En raison d’une modification du moignon, cette prothèse a été changée le 3 juin 2017 par le fabricant de matériel médico-chirurgical, la société MARCENAC et DUCROS.
Exposant avoir chuté au sol à son domicile le 15 novembre 2017 en raison d’un dysfonctionnement de sa prothèse, Monsieur [S] [D] a, par actes d’huissier du 20 août 2021, fait assigner la SA MARCENAC ET DUCROS et la CPAM du Var devant le juge des référés du Tribunal judiciaire de TOULON aux fins d’expertise et provision.
Par ordonnance du 14 décembre 2021, le juge des référés du Tribunal judiciaire de Toulon a rejeté la demande de provision et a ordonné une expertise judiciaire afin de fournir tous les éléments techniques pour apprécier les responsabilités éventuelles et évaluer les préjudices de Monsieur [S] [D].

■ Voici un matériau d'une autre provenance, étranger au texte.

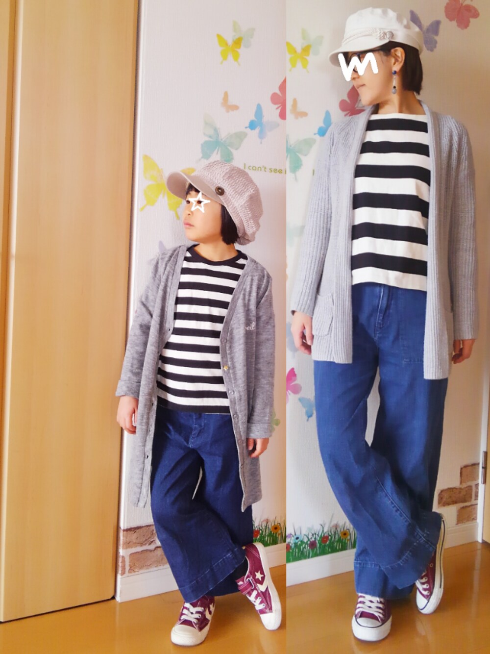 ご訪問、いいね♡、save、コメント、follow どうもありがとうございます🙌 とっても嬉しいです❤ 8.7℃/-1.9℃ 晴れ 週末の春の陽気で積もった雪もすっかり溶けた北国です☀ 昨日は休日親子ーデ☆ お付き合い宜しくお願いします🙋 ボーダー×グレーロングカーデ×デニムワイドパンツ ×コンバース×キャスケット 合わせてたようで着てなかったコーデ💡 この組み合わせ、してなかったの意外でした😅 娘キャスケットは母の昔被ってたヤツをお下がり💡 母のは今春30%OFFだったので新調しました✨ 何か一言コメント頂けると、とても嬉しいです❤ 《つぶやき》 ・今日UPしたコーデは昨日のモノです👕 ・金曜は雪で寒くて防寒防水テキトーコーデしかしなかった&土曜は娘とケンカしておソロコーデしなかった&日曜は入学準備でバタバタしていたので、この3日間はWEAR開けてませんでした💦実はこの時も娘機嫌悪く一緒の撮影は拒否😰何とか持ち上げてソロ撮影に📷最近時々イヤがるから親子ーデ撮影もそろそろ厳しいのカナ〜…😭娘のテンションに合わせてやってこうと思います😵 いつも見て下さり、ありがとうございます☺
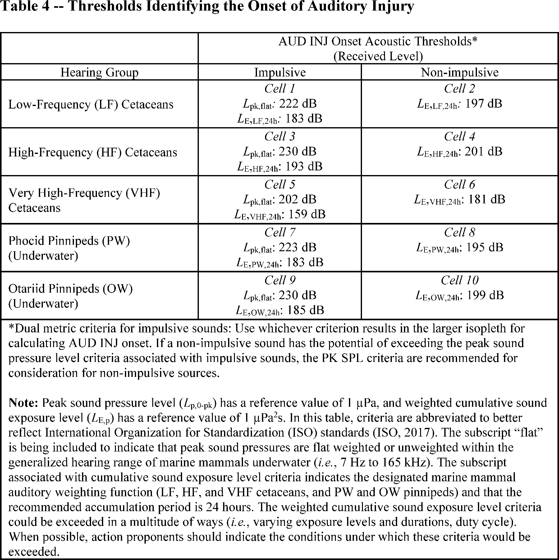 NMFS defines a noise-induced threshold shift (TS) as a change, usually an increase, in the audibility threshold at a specified frequency or portion of an individual's hearing range above a previously established reference level (NMFS, 2018, 2024). The amount of threshold shift is customarily expressed in dB. A TS can be permanent or temporary. As described in NMFS (2018, 2024), there are numerous factors to consider when examining the consequence of TS, including, but not limited to, the signal temporal pattern (e.g., impulsive or non-impulsive), the likelihood an individual would be exposed for a long enough duration or to a high enough level to induce a TS, the magnitude of the TS, the time to recovery (seconds to minutes or hours to days), the frequency range of the exposure (i.e., spectral content), the hearing frequency range of the exposed species relative to the signal's frequency spectrum (i.e., how the animal uses sound within the frequency band of the signal; e.g., Kastelein et al., 2014), and the overlap between the animal and the source (e.g., spatial, temporal, and spectral).

L’expert a déposé son rapport définitif le 22 juin 2022.
Par actes de commissaire de justice des 11, 12 et 16 mai 2023, Monsieur [S] [D] a fait assigner la SAS OTTOBOCK RESEAU ORTHOPEDIE & SERVICES, l’ONIAM, la CPAM du Var et la société APICIL PREVOYANCE devant le Tribunal judiciaire de Toulon afin de voir :
Juger qu’il doit être indemnisé de l’ensemble de ses préjudices par la société MARCENAC et DUCROS, en sa qualité de producteur de la prothèse, sur le fondement de la législation des produits défectueux ;Donner acte aux tiers payeurs que leurs subrogatoire ne pourra nuire au droit préférentiel de la victime conformément aux dispositions de la loi du 21 décembre 2006 ;Condamner la société MARCENAC et DUCROS au paiement des sommes suivantes à Monsieur [D] :Dépenses de santé actuelles : 5 euros ;Frais divers : 12.622 euros ;Assistance par tierce personne 321.105,48 euros ;Déficit fonctionnel temporaire (300 jours) : 7.475 euros ;Souffrances endurées (4/7) : 20.000 euros ;Préjudice esthétique temporaire (0,5/7) : 2.000 euros ;Déficit fonctionnel permanent (8%) : 9.040 euros ;Préjudice esthétique permanent (1/7) : 2.000 euros ;Préjudice d’agrément : 8.000 euros ;Préjudice sexuel : 8.000 euros.Condamner la société MARCENAC et DUCROS au paiement de la somme de 5.000 euros au titre de l’article 700 du Code de procédure civile ;Prononcer l’exécution provisoire de la décision à intervenir ;Condamner la société MARCENAC et DUCROS aux dépens de l’instance, y compris les frais d’expertise, distraits au bénéfice de la SELARL CABELLO & Associés, Avocat, sur sa due affirmation de droit ;Par conclusions du 1er juillet 2024, la SASU OTTOBOCK RESEAU ORTHOPEDIE & SERVICES a saisi le juge de la mise en état d’un incident.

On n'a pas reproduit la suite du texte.